И впервые за два года Антонина
заплакала слезами облегчения.
Затем священник дал ей землю
и объяснил, каким образом посыпать ее на могилку.
- Я бы лучше ее на другие
могилки посыпала, - привычно вырвалось у нее.
Пожилой, уставший священник
внимательно посмотрел на нее.
- На чьи? - спросил он.
- На тех, кто задавил мою
доченьку, а сами живут. Да Бог правду видит - одного уже инфарктом разбило.
- Ты крещенная? - неожиданно
спросил священник.
- Ну да, с младенчества,
- ответила Антонина.
- Крестик-то носишь? - Нет,
- смутилась она.
- Ну погоди чуток. - Священник
ненадолго отошел и вскоре протянул ей крестик на веревочке. Антонина надела
крестик.
Затем священник посмотрел
на иконы, перекрестился и почему-то произнес: "Помоги, Господи!" И, обратившись
к Антонине, спросил: "Не хочешь ли исповедаться? Вспомни и без утайки
расскажи, как дочь воспитывала, и кому смерти так желаешь".
- И расскажу, - выдохнула
Антонина.
Священник стал читать молитвы,
а Антонина слушала их, и давно забытые картины оживали в ее памяти. Вот
четырехлетняя Танюшка, катаясь с подружкой на качелях во дворе, упала,
и Антонина на весь двор черными, срамными словами кричит - на подружку.
Вот эта девочка вскоре доверчиво постучалась к ним - и Антонина ударила
ее дверью по руке. Вот черные слова летят на голову самой Танюшке.
- Мама, мама, говоля болит,
говоля, - плачет ребенок и прикрывает головку руками.
Вот к ней, пятнадцатилетней,
впервые пришел в гости паренек, и Антонина с бранью выгоняет его. Паренек
в панике убегает.
Как замкнулась потом Танюшка!
Больше не ходили к ней молодые люди.
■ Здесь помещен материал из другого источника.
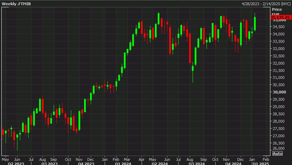 Closing changes for the main European equity markets: Stoxx 600 -0.8% German DAX -0.5% France CAC -0.9% UK FTSE 100 -0.8% Spain IBEX -1.5% Italy’s FTSE MIB -0.5% On the week: Stoxx 600 +0.7% German DAX +1.6% France CAC +2.0% UK FTSE 100 +0.3% Spain IBEX +0.6% Italy’s FTSE MIB +3.0% The Italy MIB is […]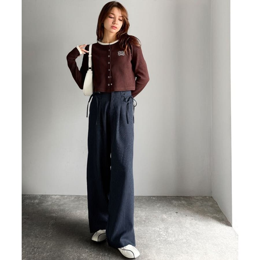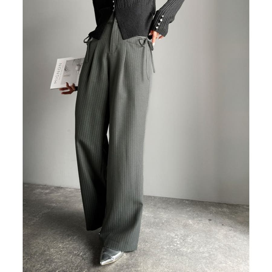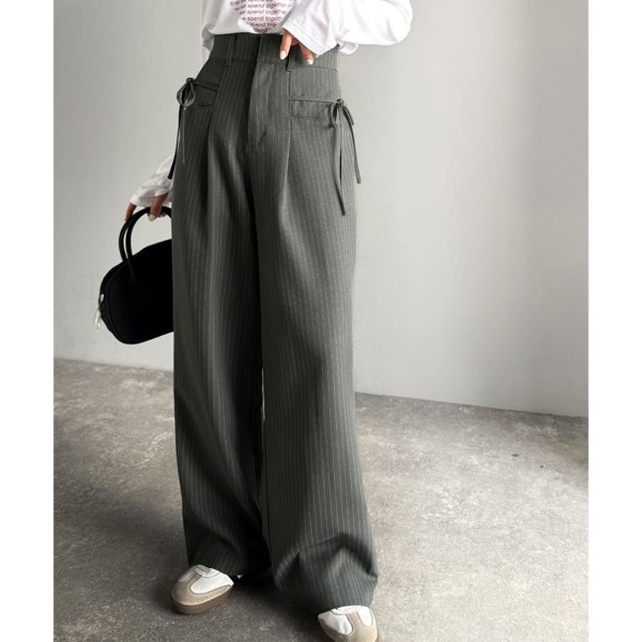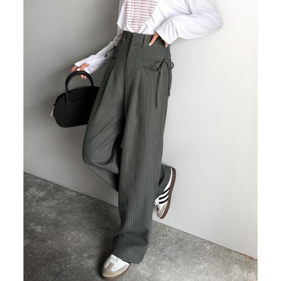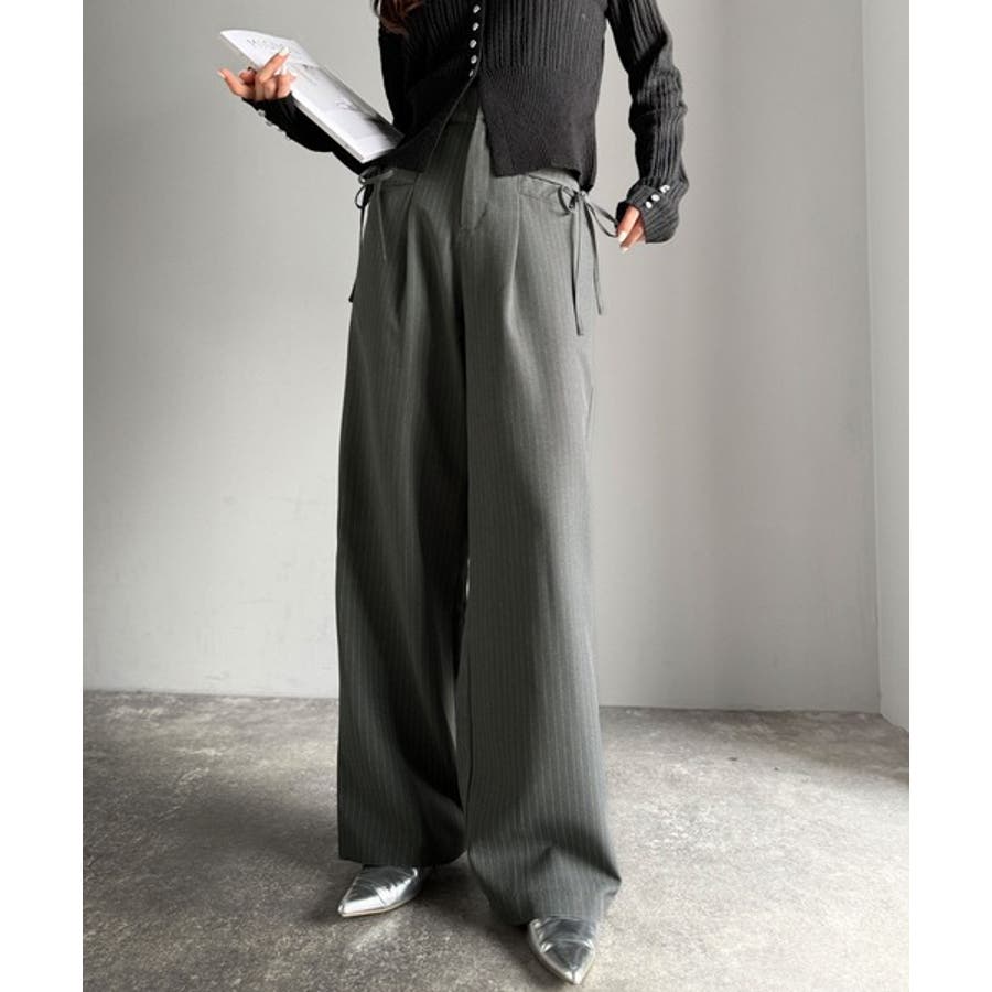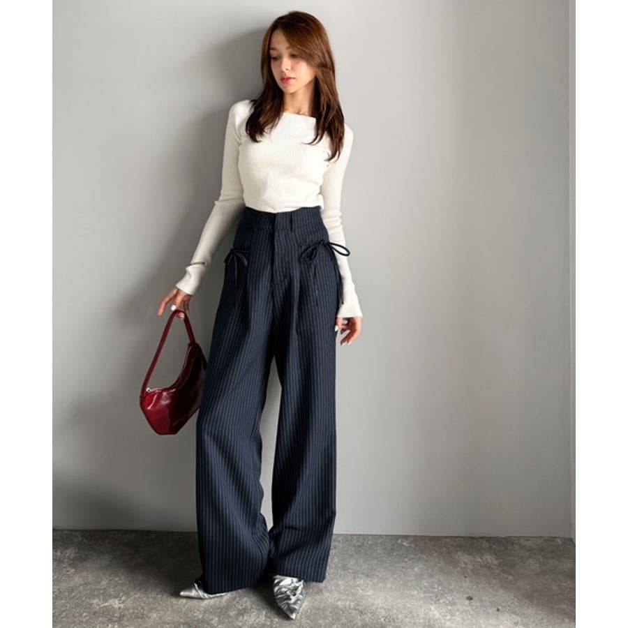 【mily bilet】タック入りストライプリボンワイドパンツ

А уж как с Андреем она встречалась
- про то Антонина и не ведала.
Антонина и не заметила, что
она не просто вспоминает, а говорит, говорит эти страшные, обличающие
себя слова. Она рассказала и о сжигающей ее ненависти, о многочисленных
судах, о том, как шарахались от нее судьи.
Священник слушал, не перебивая.
Он понимал - началось свершение чуда Божия - глубокого покаяния души,
и человеческие слова излишни. Сказал он лишь о том, как нужно помогать
дочери церковной и домашней молитвой, постоянно очищая себя Таинствами
Исповеди и Причащения.
Вот и произнесены великие
слова разрешительной молитвы. А узнав, что Антонина сегодня ничего не
ела и не пила, он причастил ее Святых Христовых Таин. Антонина не могла
ни понять, ни объяснить, что с ней происходит. Но что на ее душу легла
тихая отрада - это она чувствовала. Из церкви она зашла к зятю - благо
был выходной. И Андрей вдруг увидел - перед ним не бронированный танк,
а маленькая, бледная, измученная горем женщина.
- Андрюша, - сказала она,
- я ведь недавно на пенсию вышла, разреши мне с Петенькой сидеть? Он ведь
в садике хворает, да еще деньги какие огромные за садик платить надо.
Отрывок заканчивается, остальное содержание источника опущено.